The researchers also categorize user queries into three types based on the expected conversation flow:

  • Type 1: All necessary information is provided upfront (e.g., “Book a flight from New York to London on July 10th”).
  • Type 2: Some information is missing, requiring the LLM to ask follow-up questions (e.g., “Book a flight”).
  • Type 3: No suitable tool exists for the request (e.g., “Write a poem about my cat”).

DiaTool-DPO uses a training process called Direct Preference Optimization (DPO). The model is presented with pairs of conversation “trajectories” – one “correct” path and one “incorrect” path. For example, if a user asks “What’s the weather?” and the LLM starts booking a flight (an “incorrect” trajectory), that’s penalized. Conversely, asking “What city are you interested in?” (leading to a “correct” trajectory) is rewarded.

One key innovation is a specialized objective loss function that guides the LLM towards desirable conversational behaviors, considering whether to ask follow-up questions or reject tool calls when no tool is available.

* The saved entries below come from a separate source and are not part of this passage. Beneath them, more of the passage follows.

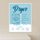 Create modern laundromat instructions wall signage using this white and blue Tumble Dryer Instructions poster design. Featuring pastel blue and white colors, dryer graphic, trendy fonts, soap bubbles motifs and a professional layout. You can edit all text, colors and even add your logo! Create custom appliance instructions for tumble dryers to display in your laundromat.
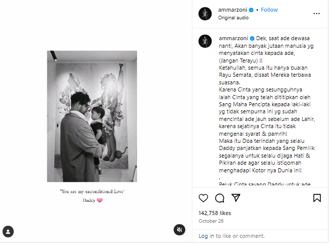 Peluk Cinta sayang Daddy untuk ade @amalaputisabai ð©·" tulis Ammar di unggahan
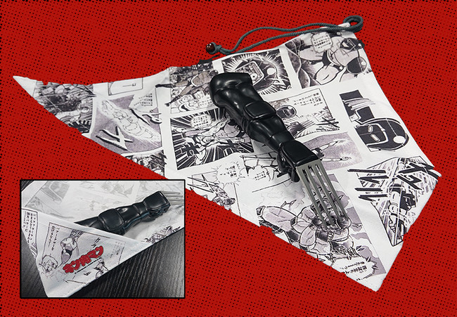ベアークローを装着したウォーズマンの左腕が、筋肉もそのまま丸ごとフォークとなって商品化!クルクル回しながらパスタを食べることで、見事に恐怖の必殺技「スクリュードライバー」を再現することが出来ます。
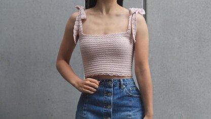 The Leila Tie Strap Crop Top is a super easy, cute, summer crochet crop top! The body is worked in the round and made up entirely of half double crochets (US terms), so you have a nice dense top but it works up a lot faster than single crochets. The foundation chain is replaced with foundation half double crochets so that the top can easily stretch and slip over your head. The top is finished off with scalloped chains for a fun, feminine touch and the tie straps add a cute bow detail. You can also easily alter this top to have normal thick straps for a cleaner look.
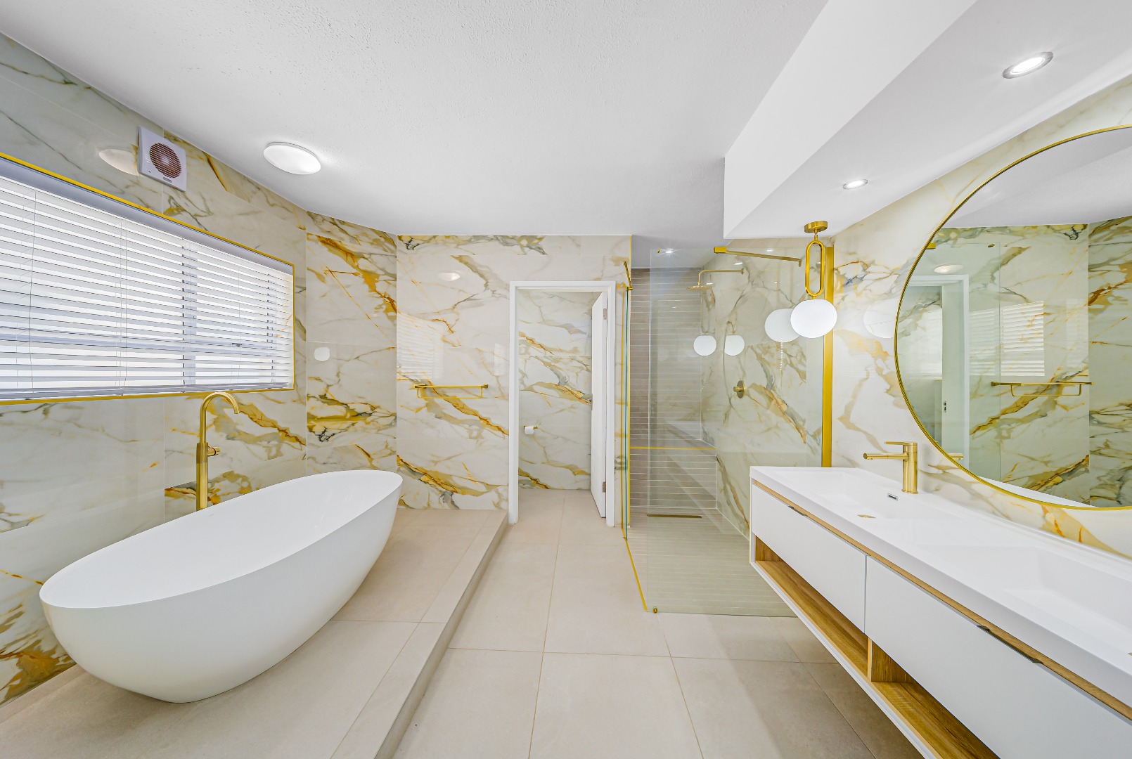 The bathrooms? Spa-level. Freestanding tubs. Marble drama. Gold details.
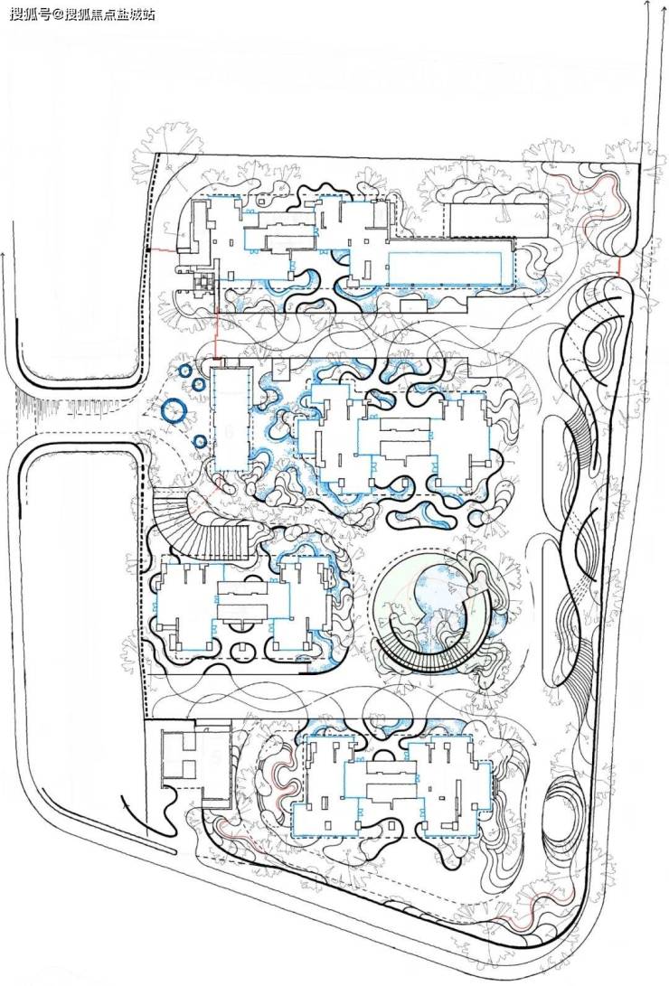 形象取决于空间,设计在花园里做的不仅仅是水,而是创造空间,让其流入每栋建筑,并可以带领人们从一个地方到另一个地方。水没有任何颜色,但如果把深色物质放在水下,它就会变成镜子,这也是设计想将建筑整合进水中的创意。
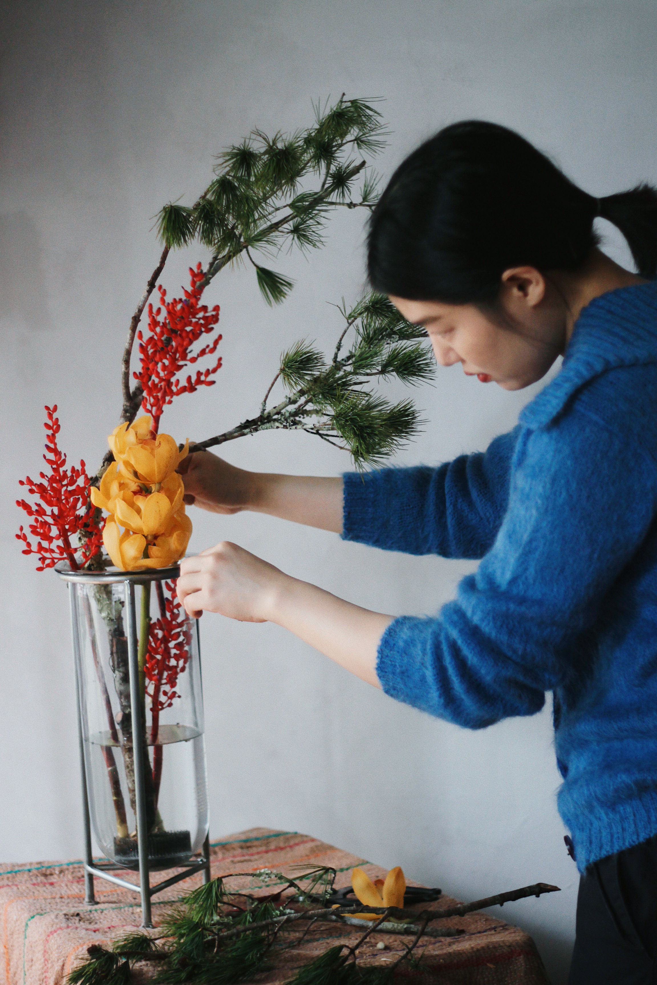搭配使用PUEBCO玻璃花器,其透明瓶身同時能欣賞到枝幹上的可愛樹苔,挑選花材時看到都會特別興奮☺️再加入虎頭蘭、珊瑚鳳梨點綴,色彩明亮充滿年節氛圍的插花即大功告成!
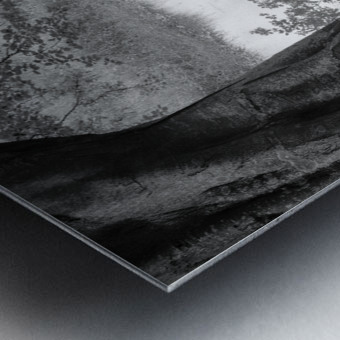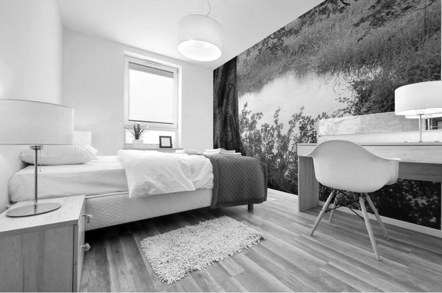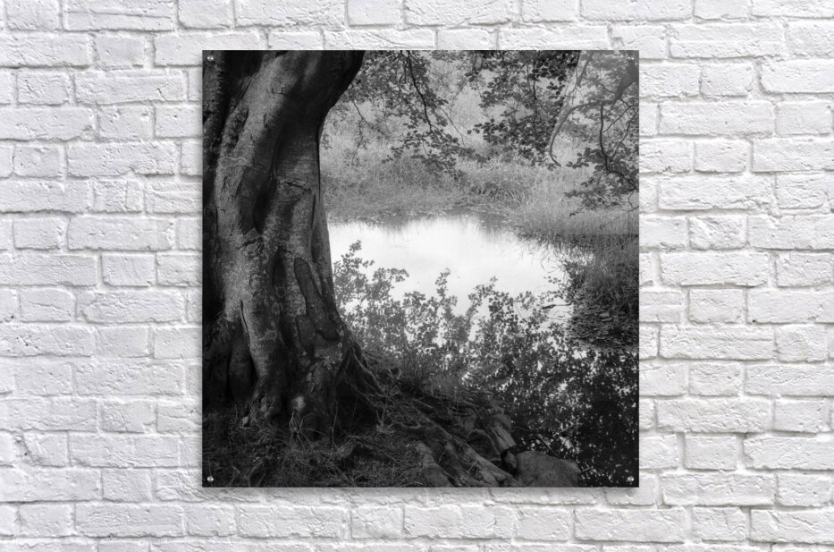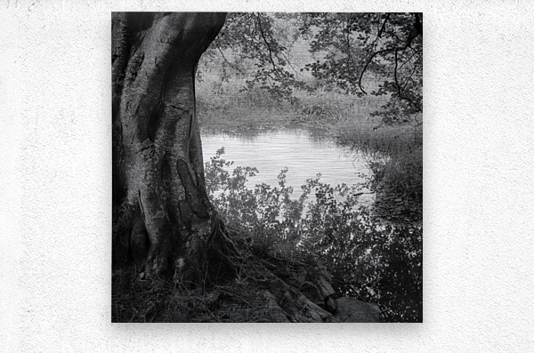 A monochrome photograph of the reflection of an overhanging tree’s branches in a quiet country pond in Aberdeenshire, Scotland, with the trunk of the tree visible in the foreground. The image captures the serene interaction between the tree's limbs and the still water, highlighting the intricate patterns created by the reflection. This black and white photo emphasizes the calm and reflective nature of the rural scene. A perfect photograph for those who appreciate detailed nature reflections or classic monochrome landscapes. ..... Please note: This image has a slightly grainy texture because it was photographed on analog film.
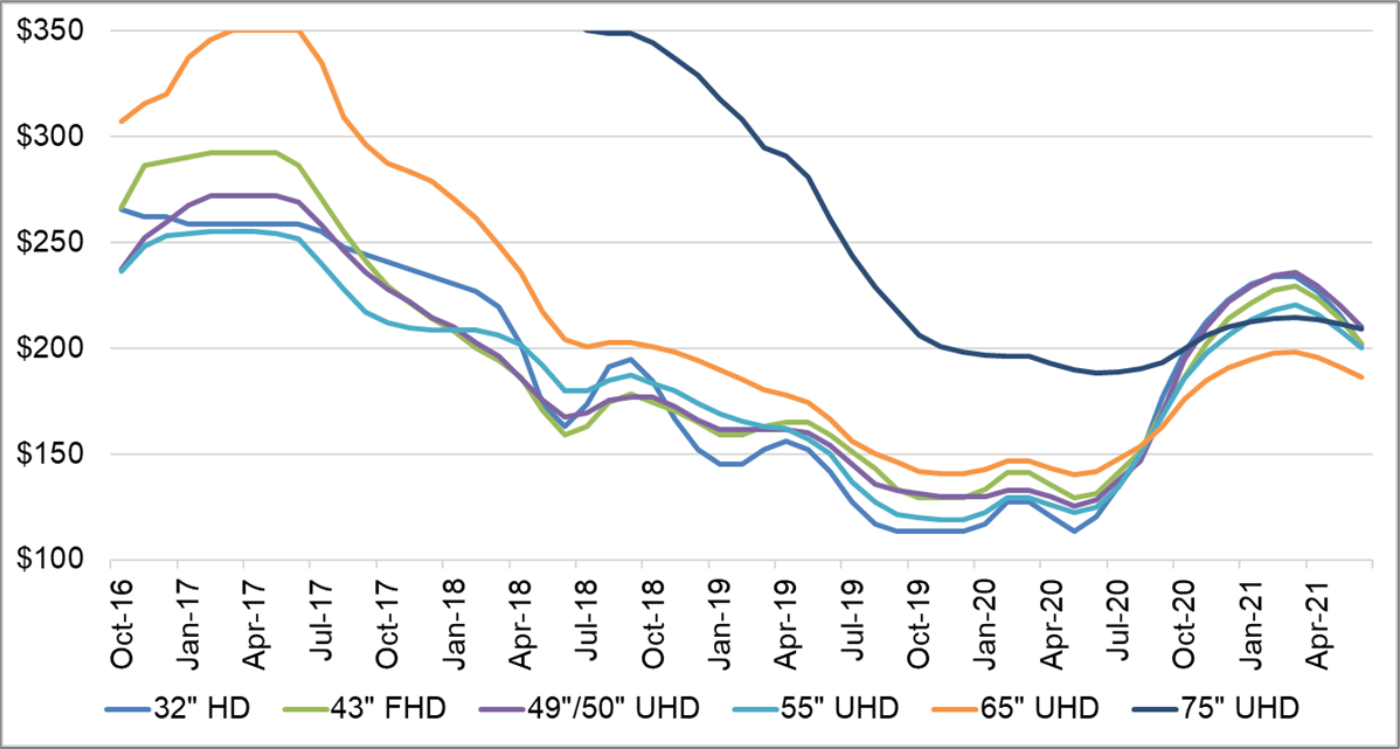 Graphic: LCD TV Panel Prices January 2020 – June 2021 – Source: DSCC
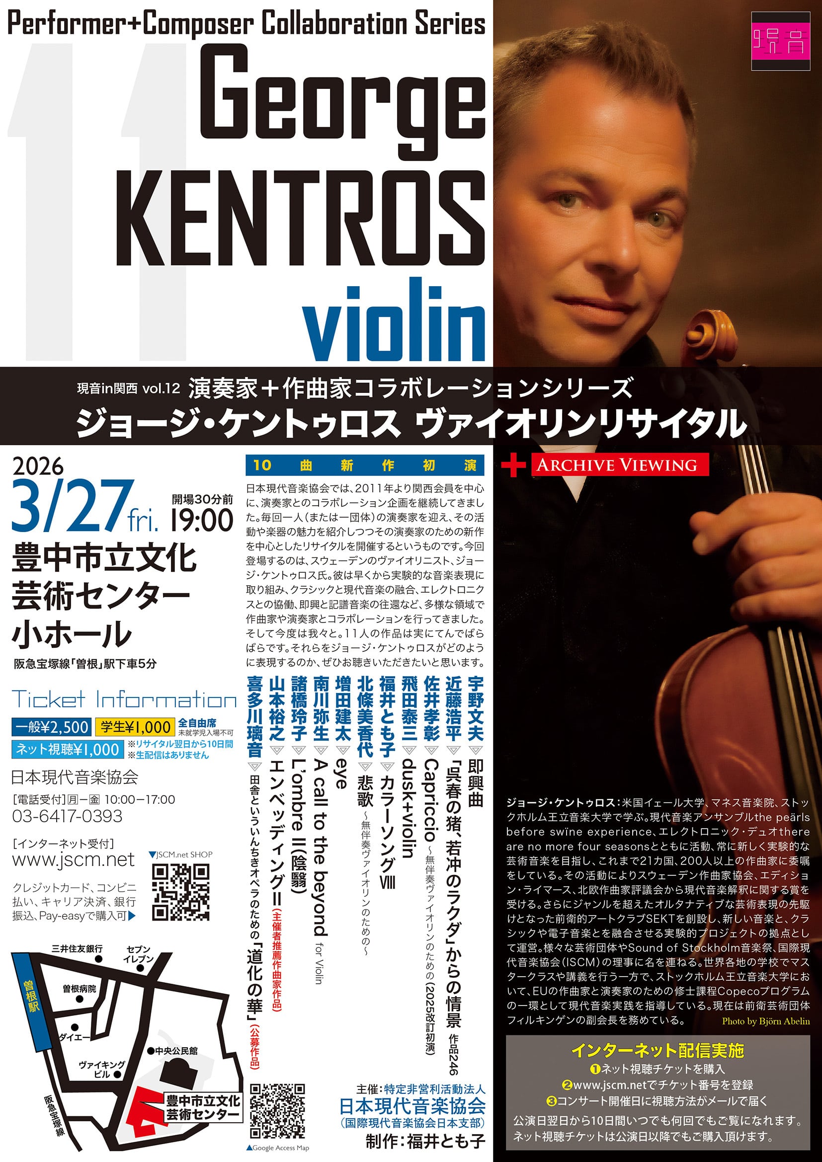 【3/27座席学生券】ジョージ・ケントゥロス ヴァイオリンリサイタル
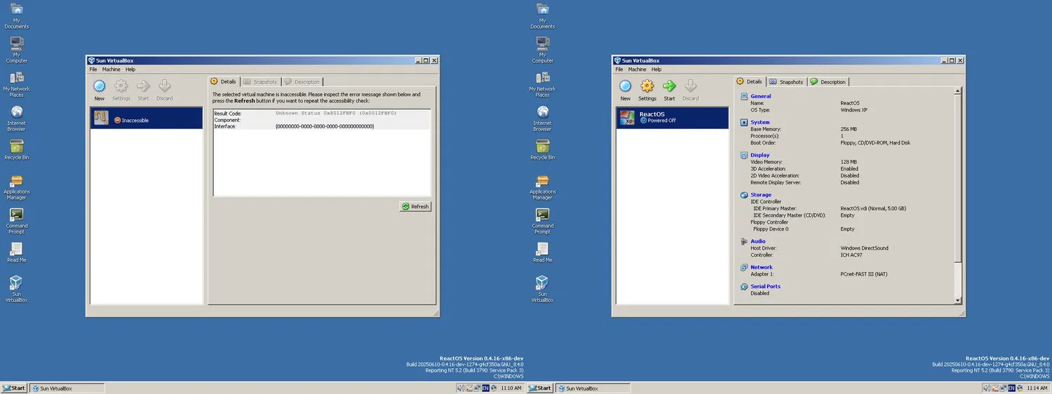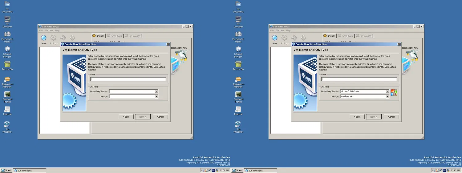 Кроме поддержки полноэкранного режима, в ReactOS была импортирована из проекта Wine важная правка для библиотеки oleaut32.dll, которая устраняет ошибки с выпадающими списками (comboBox) в Oracle VirtualBox. Теперь пользователи могут создавать и сохранять настройки.
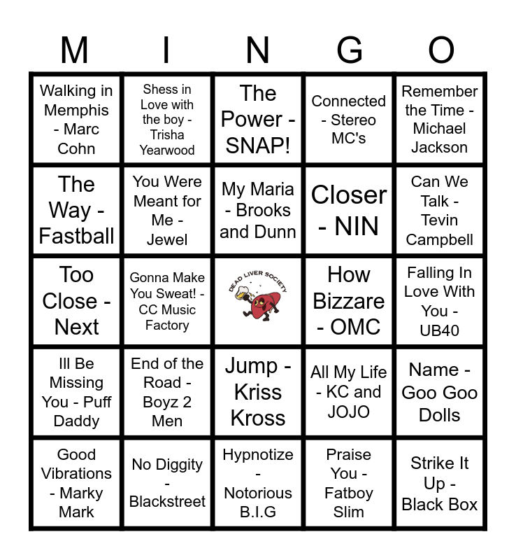 This bingo card has a free space and 30 words: No Diggity - Blackstreet, Say My Name - Destiny's Child, Gonna Make You Sweat! - CC Music Factory, That's The Way Love Goes - Janet Jackson, Walking in Memphis - Marc Cohn, The Power - SNAP!, You Were Meant for Me - Jewel, Jump - Kriss Kross, How Bizzare - OMC, Hypnotize - Notorious B.I.G, Falling In Love With You - UB40, Strike It Up - Black Box, Praise You - Fatboy Slim, Come Undone - Duran Duran, Can We Talk - Tevin Campbell, Don't Walk Away - Jade, All My Life - KC and JOJO, Ill Be Missing You - Puff Daddy, End of the Road - Boyz 2 Men, Remember the Time - Michael Jackson, Too Close - Next, Check Yes or No - George Strait, Shess in Love with the boy - Trisha Yearwood, Closer - NIN, The Way - Fastball, Connected - Stereo MC's, Name - Goo Goo Dolls, Good Vibrations - Marky Mark, My Maria - Brooks and Dunn and California Love - 2PAC.
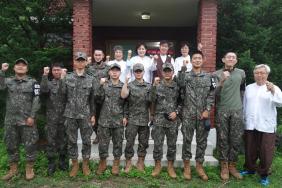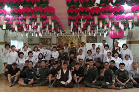 - [서울] 불기 2566(2022)년 6월 26일 대한불교조계종 포교사단 서울지역단 북부군1팀의 포교사들이 육군 제5사단 상승암에서 군법회를 열었다. 경기도 연천군 청산면에 위치한 상승암은 북부군1팀이 꾸준하게 최전방 부대의 장병들에게 부처님의 말씀을 전하는 군법당이다. 이날 대한불교조계종 포교사단 성수 서정각 단장, 북부군1팀의 심자재 강선숙 포교사(팀장), 원행심 강은자 포교사, 성수 임동석 포교사, 대경 박수정 포교사가 참석했다. 대한불교조계종 포교사단 성수 서정각 단장은 "법당에 계시는 부처님이 무형물 같지만 실제로는 그렇지 않다. 눈에 보이지 않아도 부처님은 살아계신다. 부처님께 예경을 올리고 법당 내부를 청소하는 것이 중요하다. 오늘 여기 법당에 오니 장마도 있고 기존의 물건이 정리정돈이 되어 있지 않아서 냄새가 나기도 해서 깨끗하게 법당 내부와 외부를 청소했다. 법당은 부처님이 계시는 곳으로서 늘 깨끗하게 정리정돈하는 것이 필요하다. 부처님의 말씀을 통해 스스로 안심을 얻는 것이 중요하다. 지혜를 얻게 되면 사회에 나가서 본인에게 이익이 된다는 것을 기억하면 좋겠다. 법당을 청소하다보니 많이 노후화되고 낙후된 상태였다. 상승암 법당을 살려야겠다는 생각이 들었다. 군장병들도 법회에 자주 참석해주면 좋겠고 전역 후에도 절에 다니면서 부처님의 말씀을 마음에 새기면 좋겠다"고 말했다. 성수 임동석 포교사는 설법에서 "선생이라는 단어는 먼저 태어났다는 뜻을 지니고 있다. 먼저 태어났다는 것은 경험이 많고 지혜가 있게 된다는 의미이다. 선생님이라고 생각하면 너무 어렵게 느껴질 수도 있지만 편안하게 지혜를 배운다는 마음으로 들어주면 좋겠다. 갈등이라는 것은 칡덩쿨과 등나무처럼 얽히는 것을 의미한다. 군에서도 여러 갈등이 있을 수 있고 사회에서도 다양한 갈등이 존재한다. 친구를 사귈 때 나쁜 친구와 좋은 친구를 어떻게 구분할 지를 살펴보면 내가 말하지 않아도 와서 도와주는 친구가 가장 좋은 친구라고 할 수 있다. 그런데 이런 친구는 많지 않기 때문에 5명만 있어도 성공했다고 볼 수 있다. 좋은 친구를 얻고자 할 때에는 스스로가 먼저 좋은 친구가 되어주는 것도 필요하다. 절에서는 화장실을 해우소라고 하는데 모든 근심이 사라지는 곳이라는 뜻이다. 군 생활을 하면서 여러 가지 어려운 일이 있겠지만 지혜를 발휘해서 바른 방향으로 해결을 하고 부처님의 말씀을 통해 마음을 다스려서 지혜로운 장병이 되면 좋겠다"고 말했다. 이날 북부군1팀 포교사들은 법회가 있기 전 법당을 깨끗하게 청소하고 연등의 위치를 조정하고 선반 위치를 바꾸었다. 군 장병들이 보다 부처님을 환하게 바라보고 시야가 넓어지도록 정리정돈을 했다.
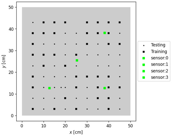 A 15 kg plate made of 6061 aluminum alloy with dimensions 50 × 50 × 2 cm was tested using the baseline approach [18]. Four Piezometric PCB 333B50 sensors (PCB Piezotronics, Depew, NY, USA) were attached to the plate. The plate was secured at the four corners with 0.40 cm diameter screws, preventing both displacement and rotation. A PCB 086C03, (PCB Piezotronics, Depew, NY, USA), impact hammer struck the plate at eighty-one different locations, spaced 5 cm apart, covering the entire plate area. An instrumented hammer was used to excite the plate, thereby inducing vibrations. Each location was struck once, and force and acceleration data were recorded at a sampling rate of 2048 Hz for 20 s. The experimental data collected from the aluminum plate were divided into two groups. Following the original study, forty out of eighty-one impacts were used to calibrate our model, and the remaining forty-one impacts were used to validate the vibro-localization technique. Figure 3 demonstrates the layout of the sensors and the impact locations on the plate. The training () and testing points () were marked with squares (■) and filled circles (●), respectively. The sensor locations were marked with green squares (■).
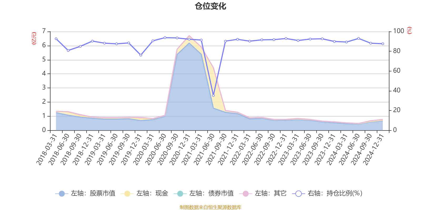 据定期报告数据统计,近三年平均股票仓位为90.86%,同类平均为88.08%。2020年上半年末基金达到93.78%的最高仓位,2021年上半年末最低,为35.31%。
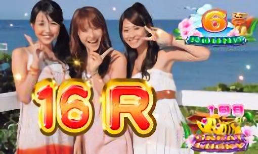 ボタン連打で桜フラッシュが発生すれば16R(グレートラッキー)が確定。

The team created a dataset called DiaTool-DPO consisting of these paired trajectories, enabling TA-LLMs to learn which conversation flow is best in various scenarios. The study showed significant improvements, with the DiaTool-DPO approach approaching the performance of GPT-4 in specific areas. For instance, performance in gathering necessary information jumped from a baseline of 44% to 94.8%, and correct tool call rejection improved from 9.6% to 91%.

This research marks a significant step towards building more robust and user-friendly TA-LLMs, capable of handling the nuances of real-world conversations without requiring extensive human labeling or expert demonstrations.